28 March, 2025
Tool calling in Large Language Models (LLMs) is the ability of the LLM to interact with external tools, services, or APIs to perform tasks. This allows LLMs to extend their functionality, enhancing their ability to handle real-world tasks that may require access to external data, real-time information, or specific applications. When an LLM uses a web search tool, it can call the web to fetch real-time data that aren't available in the model's training data. Other types of tools might include Python for calculations, data analysis, or visualization, or calling a service endpoint for data. Tool calling can make a chatbot more dynamic and adaptable, allowing it to provide more accurate, relevant, and detailed responses based on live data or specialized tasks outside its immediate knowledge base. Popular frameworks for tool-calling include Langchain and now ollama.
Ollama is a platform that offers open-source, local AI models for use on personal devices so that users can run LLMs directly on their computers. Unlike a service like the OpenAI API, there’s no need for an account since the model is on your local machine. Ollama focuses on privacy, performance, and ease of use, enabling users to access and interact with AI models without sending data to external servers. This can be particularly appealing for those concerned about data privacy or who want to avoid the reliance on external APIs. Ollama’s platform is designed to be easy to set up and use, and it supports various models, giving users a range of tools for natural language processing, code generation, and other AI tasks directly on their own hardware. It is well suited to a tool calling architecture because it can access all the capabilities of a local environment including data, programs, and custom software.
In this tutorial you'll learn how to set up tool calling by using ollama to look through a local filesystem, a task which would be difficult to do with a remote LLM. Many ollama models are available for tool calling and building AI agents like Mistral and Llama 3.2, a full list is available at the ollama website. In this case we'll use IBM Granite 3.2 Dense which has tool support. The 2B and 8B models are text-only dense LLMs trained on designed to support tool-based use cases and for retrieval augmented generation (RAG), streamlining code generation, translation and bug fixing.
The notebook for this tutorial can be downloaded from Github here.
First you'll download ollama from https://ollama.com/download and install it for your operating system.
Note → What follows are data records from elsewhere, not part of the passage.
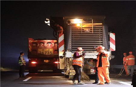 確定日期時間。施工前夕工程部負責人反復與交警、路政等部門溝通協(xié)調(diào),渠道暢通,最終達成一致意見,為盡量避免給公眾出行帶來影響,施工基本采用夜間斷流封道方式進行。施工過程中與高速交警、路政配合默契,封道都在規(guī)定時間內(nèi)開始結(jié)束,盡所能減輕施工對高速營運影響,保證路段通行能力。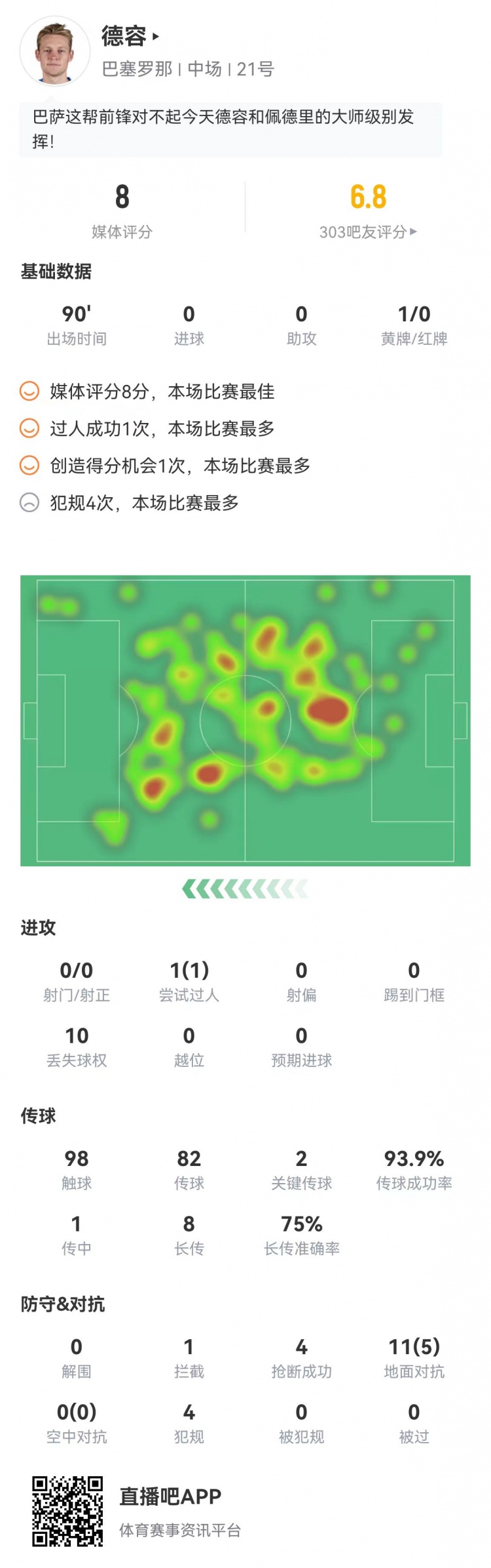 全场最佳!德容数据:82传球93.3%成功率 2次关键传球 1拦截4抢断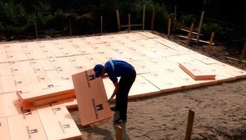 По краям строение огораживают листами рубероида или полиэтилена, сверху пеноплекс также покрывают этими материалами, затем на них монтируется слой цемента, и металлической сетки для его укрепления, при этом толщина стяжки должна быть пять сантиметров.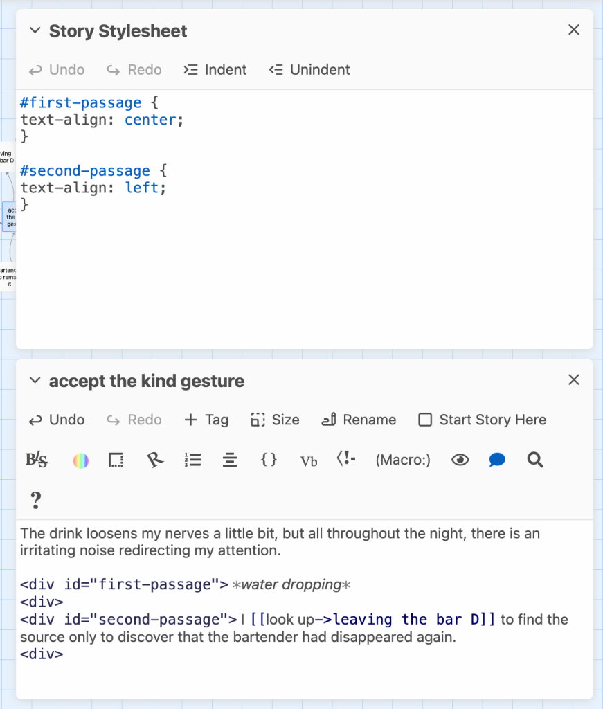 I was having trouble figuring out how to align text on Twine. After looking at another Sketchblog, I found a classmate having a similar issue.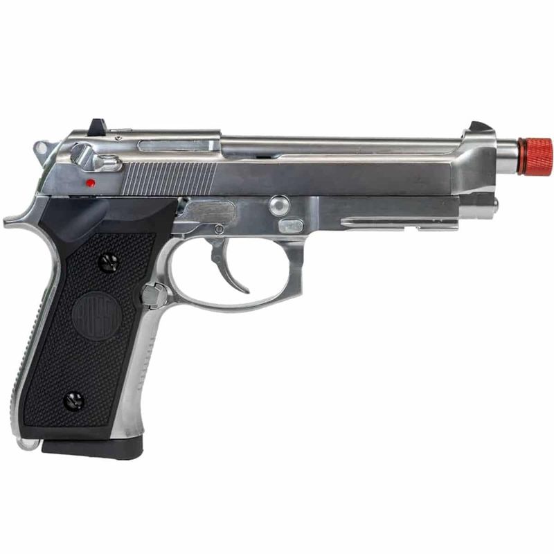 A pistola GBB Rossi M92 Cromada oferece uma ótima velocidade de 97 m/s (320 fps) com bastante precisão e desempenho.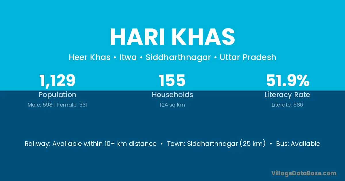Siddharthnagar (25 km) is the nearest town to Hari Khas village for major economic activities and is located approximately 25 km away.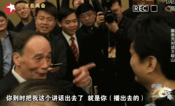 王岐山:今天你不是把扩音器打开了吗?你还拿着自拍这个,《东方眼》,吓人哪,你到时候把我这个讲话出去了,就是你(播出去的)。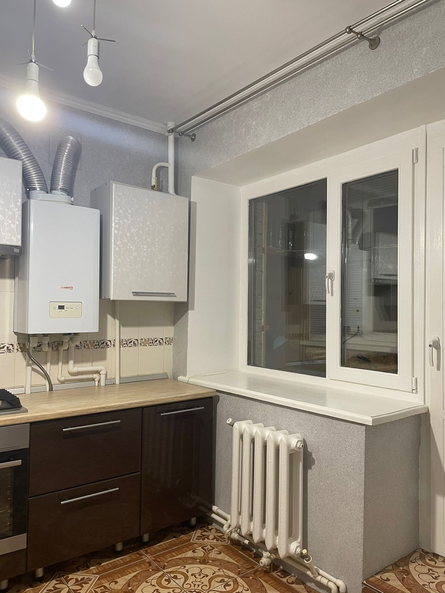Чугунные радиаторы по 12 секций в каждой комнате. Газовый настенный котел отопления Протерм Гепард позволяет поддерживать комфортный температурный режим в Вашей квартире. Автономное отопление значительно уменьшает коммунальные платежи.
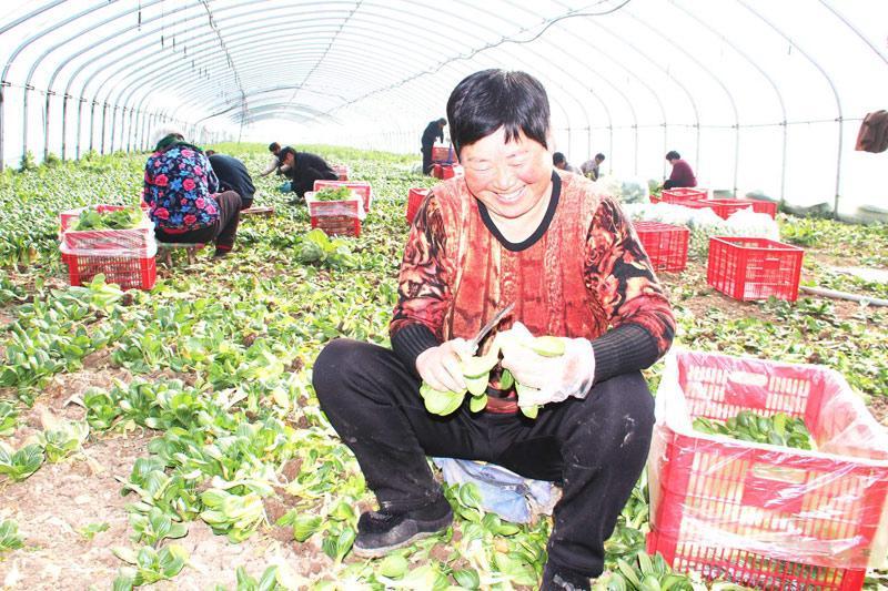 “俺把孙儿送到学校就来这里干活,采收一筐五块钱,一天最少能割十几筐菜,干完就能拿到钱,挣了零花钱还不耽误照顾家里。”手里不停歇的村民王敬玲熟练地将刚薅出来的小青菜去泥除根,说话间,一颗颗小青菜就被整齐地码进塑料筐内。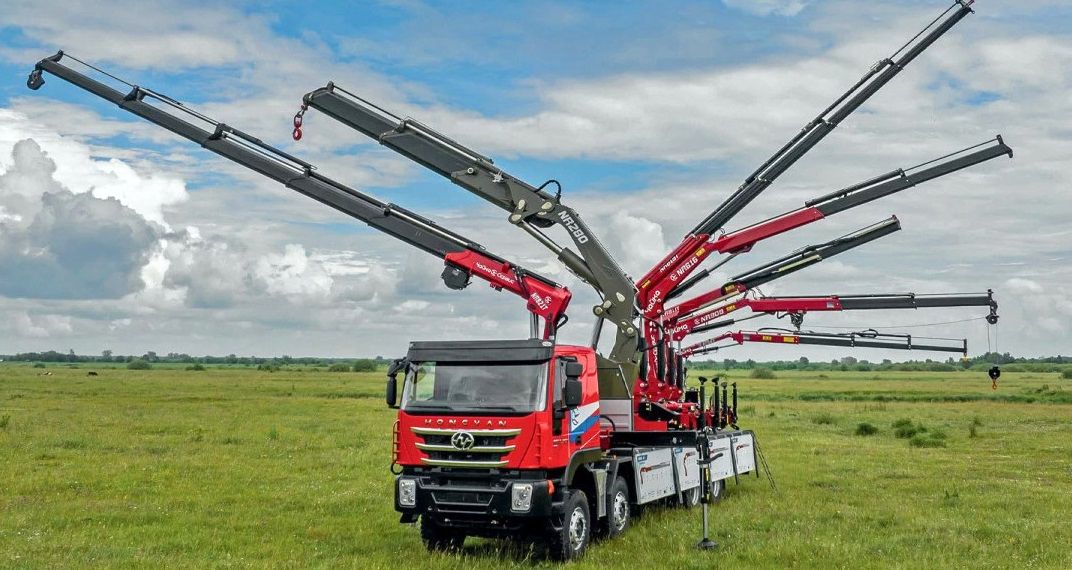 Модель NR829 4S (вес 3,6 т) имеет грузовой момент 28 тм и габариты 1100х2550х2400 мм. При вылете 12,05 м она способна оперировать грузами до 10,9 тонны. Давление в системе — 325 бар, объем бака — 200 литров. Угол поворота составляет 425°. Ширина опор 6000 мм.

On OSX this is done via a .dmg file, on Linux via a single shell command, and on Windows with an installer. You may need admin access on your machine in order to run the installer.
You can test that ollama is correctly installed by opening a terminal or command prompt and entering:
ollama -v
Next, you'll add the initial imports. This demo will use the ollama python library to communicate with ollama and the pymupdf library to read PDF files in the file system.
!pip install pymupdf
import ollama
import os
import pymupdf
Next you'll pull the model that you'll be using throughout this tutorial. This downloads the model weights from ollama to your local computer and stores them for use without needing to make any remote API calls later on.
!ollama pull granite3.2
!ollama pull granite3.2-vision
Now you'll define the tools that the ollama tools instance will have access. Since the intent of the tools is to read files and look through images in the local file system, you'll create two python functions for each of those tools. The first is called search_text_files
and it takes a keyword to search for in the local files. For the purposes of this demo, the code only searches for files in a specific folder but it could be extended to include a second parameter that sets which folder the tool will search in.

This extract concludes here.